While an international debate rages over the future of the American detention center at Guantánamo Bay, Cuba, the military has quietly expanded another, less-visible prison in Afghanistan, where it now holds some 500 terror suspects in more primitive conditions, indefinitely and without charges.
European Pressphoto Agency
Afghans prayed after their release
from the Bagram detention
center near Kabul earlier this month.
Pentagon officials have often described the detention site at Bagram, a cavernous former machine shop on an American air base 40 miles north of Kabul, as a screening center. They said most of the detainees were Afghans who might eventually be released under an amnesty program or transferred to an Afghan prison that is to be built with American aid.
But some of the detainees have already been held at Bagram for as long as two or three years. And unlike those at Guantánamo, they have no access to lawyers, no right to hear the allegations against them and only rudimentary reviews of their status as "enemy combatants," military officials said.
Privately, some administration officials acknowledge that the situation at Bagram has increasingly come to resemble the legal void that led to a landmark Supreme Court ruling in June 2004 affirming the right of prisoners at Guantánamo to challenge their detention in United States courts.
While Guantánamo offers carefully scripted tours for members of Congress and journalists, Bagram has operated in rigorous secrecy since it opened in 2002. It bars outside visitors except for the International Red Cross and refuses to make public the names of those held there. The prison may not be photographed, even from a distance.
From the accounts of former detainees, military officials and soldiers who served there, a picture emerges of a place that is in many ways rougher and more bleak than its counterpart in Cuba. Men are held by the dozen in large wire cages, the detainees and military sources said, sleeping on the floor on foam mats and, until about a year ago, often using plastic buckets for latrines. Before recent renovations, they rarely saw daylight except for brief visits to a small exercise yard.
"Bagram was never meant to be a long-term facility, and now it's a long-term facility without the money or resources," said one Defense Department official who has toured the detention center. Comparing the prison with Guantánamo, the official added, "Anyone who has been to Bagram would tell you it's worse."
Former detainees said the renovations had improved conditions somewhat, and human rights groups said reports of abuse had steadily declined there since 2003. Nonetheless, the Pentagon's chief adviser on detainee issues, Charles D. Stimson, declined to be interviewed on Bagram, as did senior detention officials at the United States Central Command, which oversees military operations in Afghanistan.
The military's chief spokesman in Afghanistan, Col.
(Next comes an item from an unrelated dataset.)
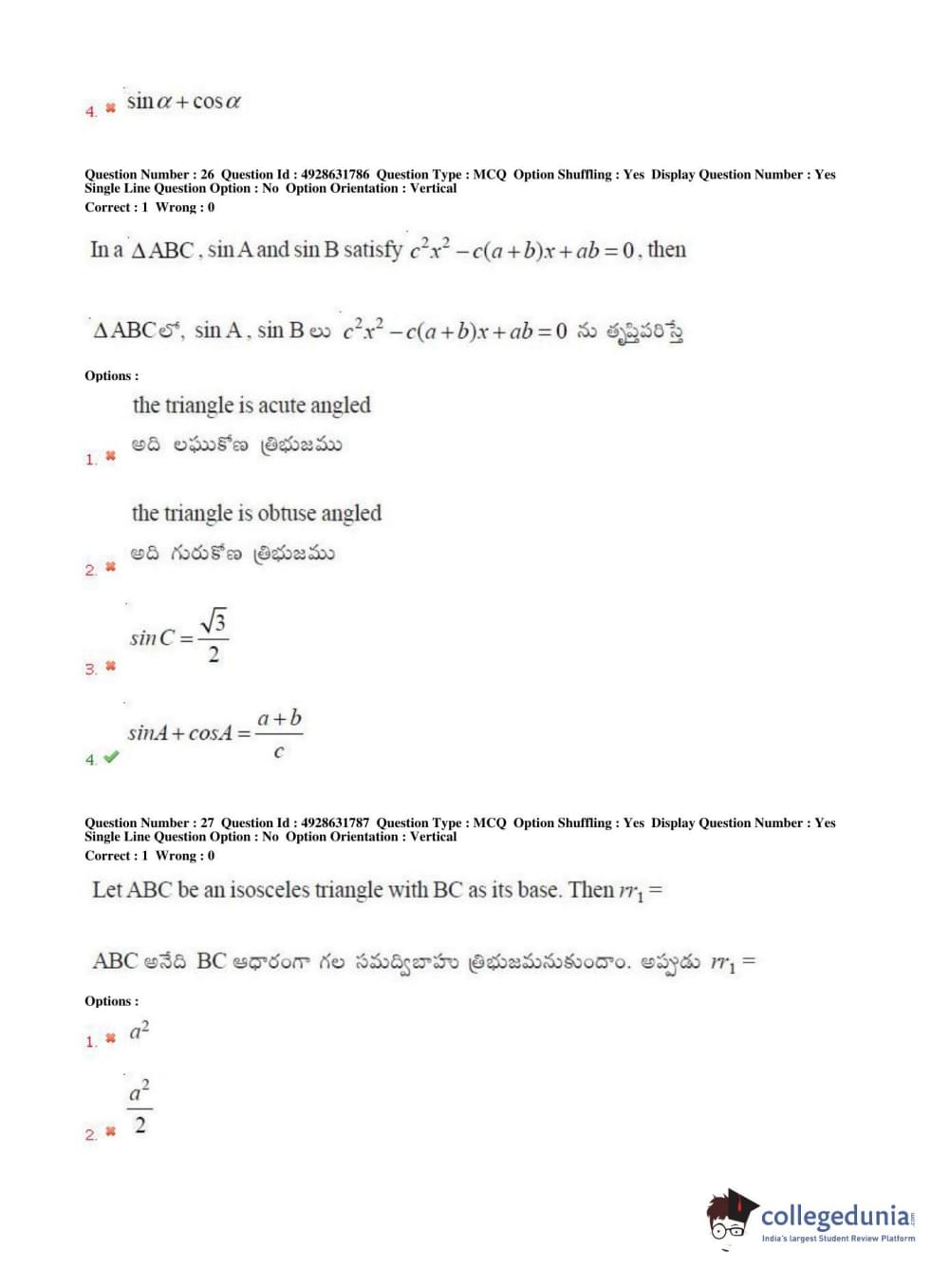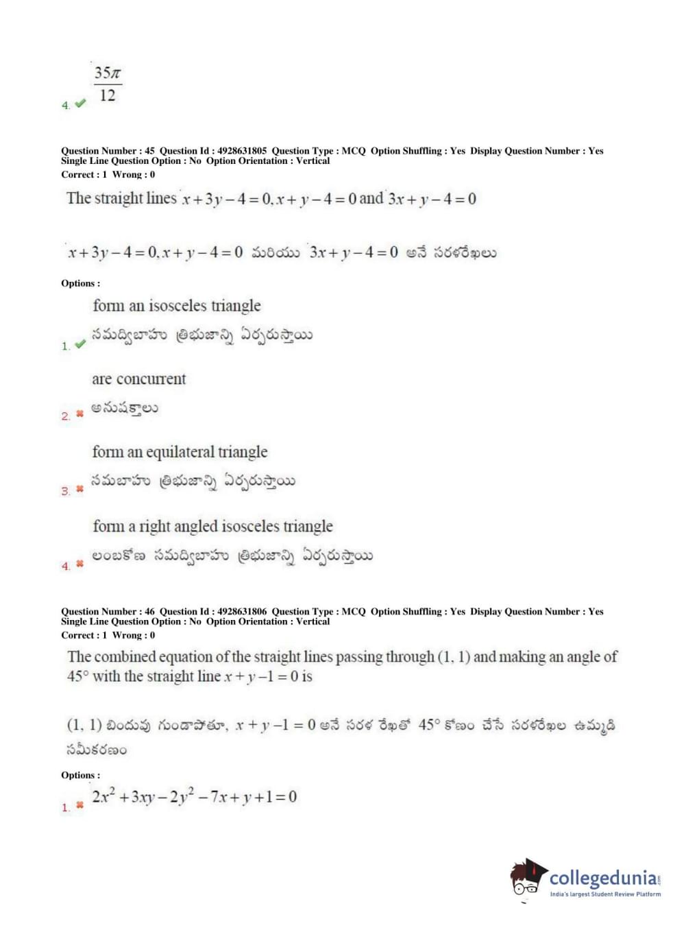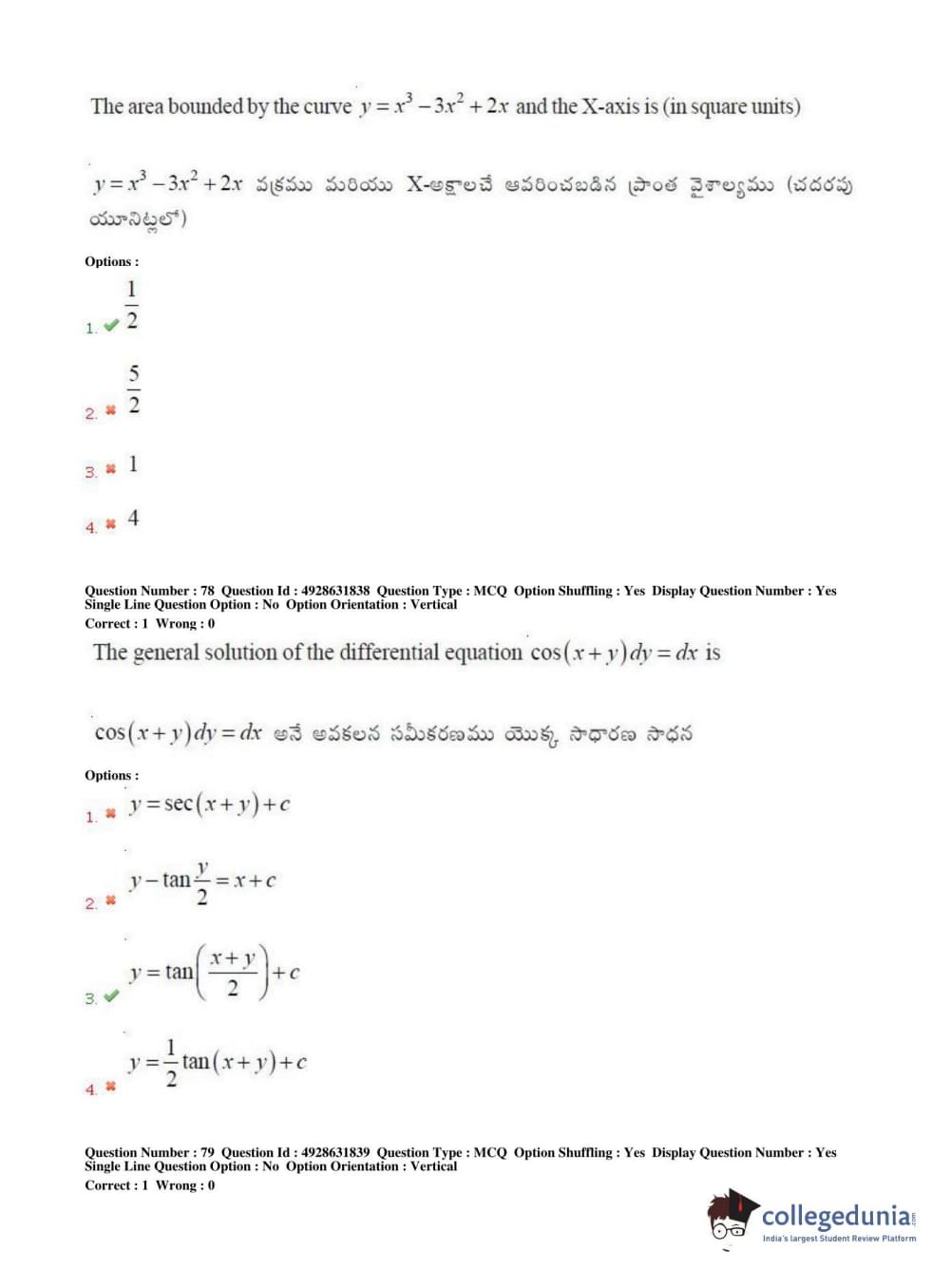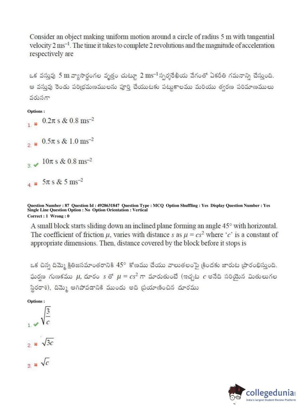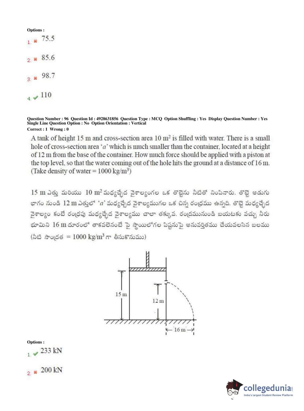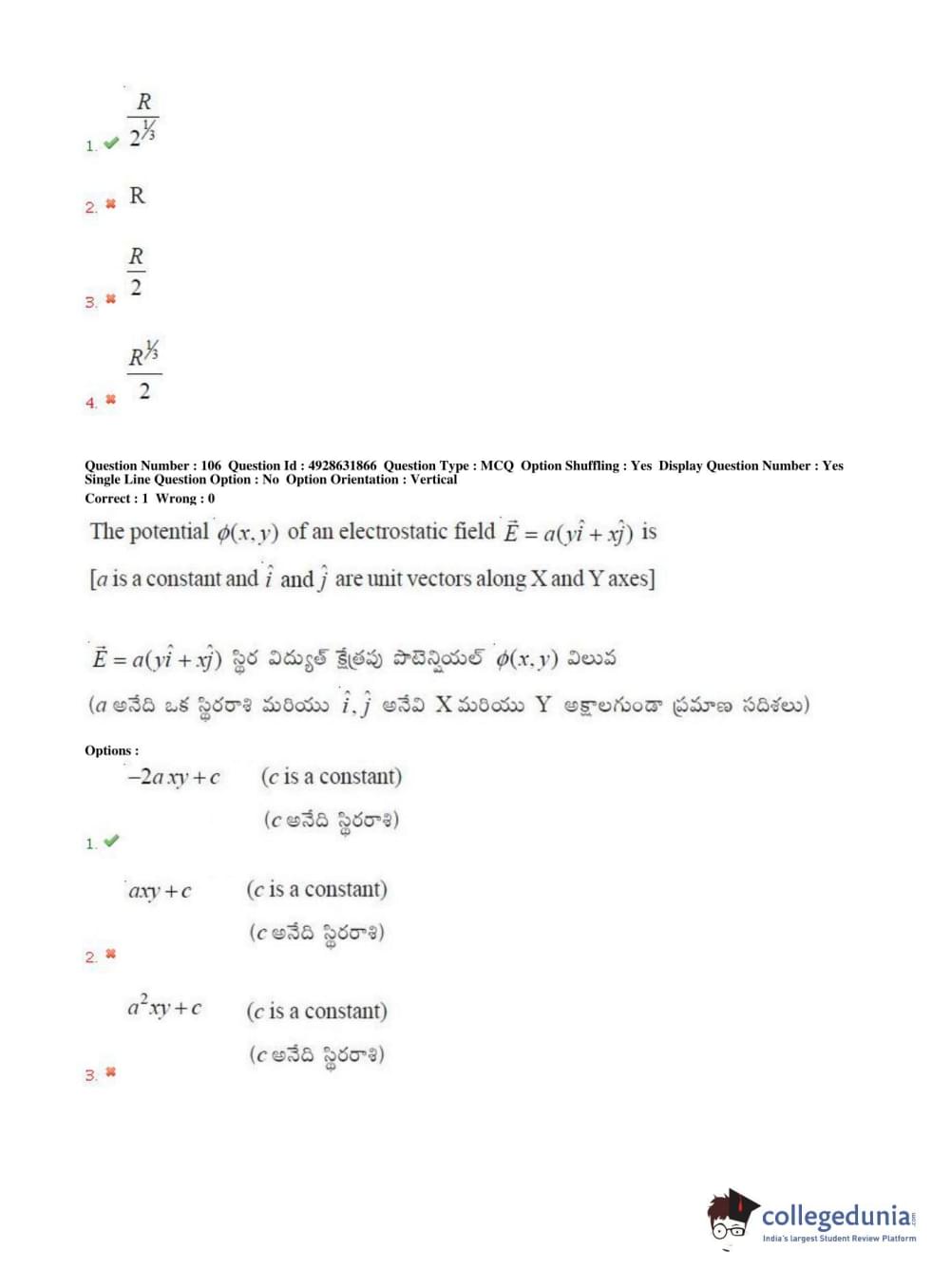 TS EAMCET 2018 Engineering Question Paper with Answer Key PDFs Afternoon Session

James R. Yonts, also refused to discuss detainee conditions, other than to say repeatedly that his command was "committed to treating detainees humanely, and providing the best possible living conditions and medical care in accordance with the principles of the Geneva Convention."
Other military and administration officials said the growing detainee population at Bagram, which rose from about 100 prisoners at the start of 2004 to as many as 600 at times last year, according to military figures, was in part a result of a Bush administration decision to shut off the flow of detainees into Guantánamo after the Supreme Court ruled that those prisoners had some basic due-process rights. The question of whether those same rights apply to detainees in Bagram has not been tested in court.
Until the court ruling, Bagram functioned as a central clearing house for the global fight against terror. Military and intelligence personnel there sifted through captured Afghan rebels and suspected terrorists seized in Afghanistan, Pakistan and elsewhere, sending the most valuable and dangerous to Guantánamo for extensive interrogation, and generally releasing the rest.
But according to interviews with current and former administration officials, the National Security Council effectively halted the movement of new detainees into Guantánamo at a cabinet-level meeting at the White House on Sept. 14, 2004.